Understanding PCA
We Discover How Principal Components Analysis Helps Us Uncover the Underlying Trends in Our Data
(Principal Components Analysis)
In data science and finance (and pretty much any quantitative discipline), we are always sifting through a lot of noise in search of signal. Now if only, there were an algorithm that could do that for us…
There is! Today we will explore how PCA (Principal Components Analysis) helps us uncover the underlying drivers hidden in our data – a super useful feature as it allows us to summarize huge feature sets using just a few principal components.
If you are interested in the code that I used to generate the charts below, you can find it on my GitHub here.
Variance is Both Our Enemy and Our Friend
If you have spent some time reading statistics or data science textbooks, you will notice that the main reason we go through all the trouble of building models is to explain variance.
But what does that really mean? Let’s unpack this step by step. First, what do we actually mean by variance? Imagine that our data looks like this:
You are thinking, "Tony why are you showing me a flat line? This is so boring." And that is exactly the point. If our data was just a flat line, it would be very easy to predict (just predict five all the time) but also completely uninteresting. A flat line is an example of data with zero variance – there is absolutely no vertical variation in the data.
What is an example of zero variance data in real life? It sounds ridiculous but let’s pretend your boss told you to predict the number of floors in a five story building. So every day for 100 days you measure the number of floors of the building in question and at the end you get the chart above, a straight line. When your boss comes back and asks for your prediction, you say with confidence "I predict that tomorrow the building will still be five floors tall!" Rocket science right?
Barring disaster, there is a 100% chance that you will be right. But there was no point to what you did – data with no variance has no uncertainty, so there is nothing for us to predict or explain, it just is. And if we were trying to use variables with zero variance as X variables in a model (to predict a target variable with nonzero variance), we would become super frustrated by the absolute lack of signal in our feature set.
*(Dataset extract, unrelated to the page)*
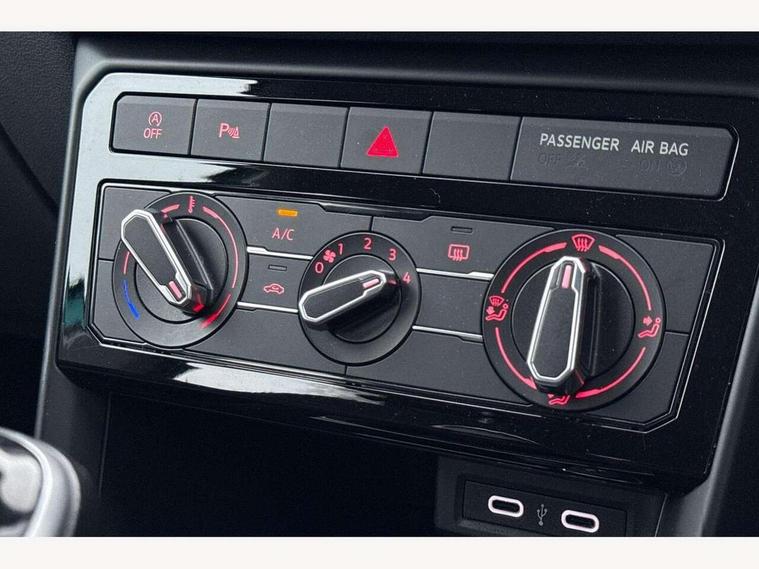 'Lights On' Reminder warning buzzer, Adaptive cruise control including front assist, forward collision warning, autonomous emergency braking, speed limiter, Bluetooth telephone and audio connection for compatible devices, Car information display, Driver alert system, eCall emergency call system, Lane assist, Multifunction computer with visual gear change recommendation for fuel consumption, Power assisted speed sensitive steering, Speedo, rev counter, electronic odometer, trip, service interval display, exterior temperature and fuel gauge, Stop/start system, Warning sound and light for doors and tailgate open, Warning sound and light for front seatbelts unfastened, We Connect Go Dongle, Wireless Car net app connect with Apple CarPlay, combined functionality of Apple CarPlay/Android Auto and MirrorLink, Battery regeneration during braking, Misfuel prevention device, 2x USB connection with USB charging sockets and in rear centre console, DAB Digital radio receiver, Diversity antenna for FM reception, Multi device interface (MDI) with USB connection, Music playback - MP3, WMA and AAC files, Premium USB cable for Apple or Android smartphone compatibility, Simultaneous pairing of 2 compatible mobile devices, Title and cover art display, Automatic dimming interior rear view mirror, Automatic hazard lights activation under emergency braking, Black roof rails, Body colour door handles, Body coloured bumpers, Dusk sensor + automatic driving lights, Front and rear electric windows, Front fog lights with static cornering function, Galvanised body, Heated rear window, High level 3rd brake light, Lower door sills and door pillars in black, Manual coming/automatic leaving home lighting function, Radiator grille with high gloss surface and chrome strip, Rain sensor, Rear lights incorporating LED technology, Rear window aerial, Rear windscreen washer and wiper with interval delay, Reflectors in all doors, Tailgate with integrated roof spoiler, Windscreen wipers/ intermittent wipe + 4 position delay, 12V Accessory socket in centre console, 3 rear head restraints and 3 rear three point seat belts with ECE label, 60/40 split folding rear seat backrest, Drawer under drivers seat, Driver and front passenger sunvisor with vanity mirror, Driver's sunvisor with ticket holder, Dust and pollen filter, Front and rear reading lights X 2, Front centre armrest with storage compartment, Front seat back storage pockets, Glovebox, Heating and fresh air system with 4 stage blower, Height/reach adjust steering wheel, Instrument lighting white adjustable panel illumination, Interior light with delay, Isofix child seat preparation for 2 rear child seats, Luggage compartment cover, Luggage compartment lighting, Manual front seats with height adjustment, Moveable and foldable Rear bench seat, Storage compartment in drivers and front passengers door, Three spoke multi-function leather trimmed steering wheel and gearknob, Variable boot floor, Anti-lock Braking System (ABS) with Hydraulic Brake Assist (HBA), Automatic post collision braking system, Driver and front passenger safety-optimised head restraints, Drivers and Front Passengers airbags with front passengers airbag deactivation switch, ESC with EDL, ASR, EDTC and trailer stabilisation function, Extended and proactive pedestrian protection, Front and rear curtain airbags, Front seat side impact airbags, Height adjustable 3 point automatic front seatbelts with pretensioners, Hill start assist, Pre crash preventive occupant protection, Rigid safety cell with front and rear crumple zones, Tyre pressure loss indicator, Volkswagen roadside assistance, Alarm with interior protection and deactivation via infotainment system, Child security locks in rear doors, Electronic engine immobiliser, Remote tailgate unlocking using key fob,

So what does data that has variance look like? Here is 100 days of daily price returns (as a percentage) for Apple stock:
Now we have something to work with. As expected, there’s a lot of variance in our Apple stock returns data – variance is basically how much the data bounces up and down by. The more bouncy it is, the harder it is to predict or explain. Apple’s daily returns bounce around significantly, going back and forth between positive and negative values including some large spikes.
But amidst all that noise, bouncy data also contains signal (a.k.a. information).
Compared to data with no variance, bouncy data is both infinitely more interesting as the target variable of your model and infinitely more useful as a feature variable inside your model.
That’s why I say variance is both our enemy and our friend:
- It is our enemy because more variance in our target variable creates uncertainty and makes the target harder to predict or explain.
- It is also our friend though because, like we saw above, features with no variance are completely uninteresting and contain no signal at all. So to have a chance of building a good model, we need features with signal, or in other words features with variance (actually, more specifically, we want features that have nonzero covariances with our target).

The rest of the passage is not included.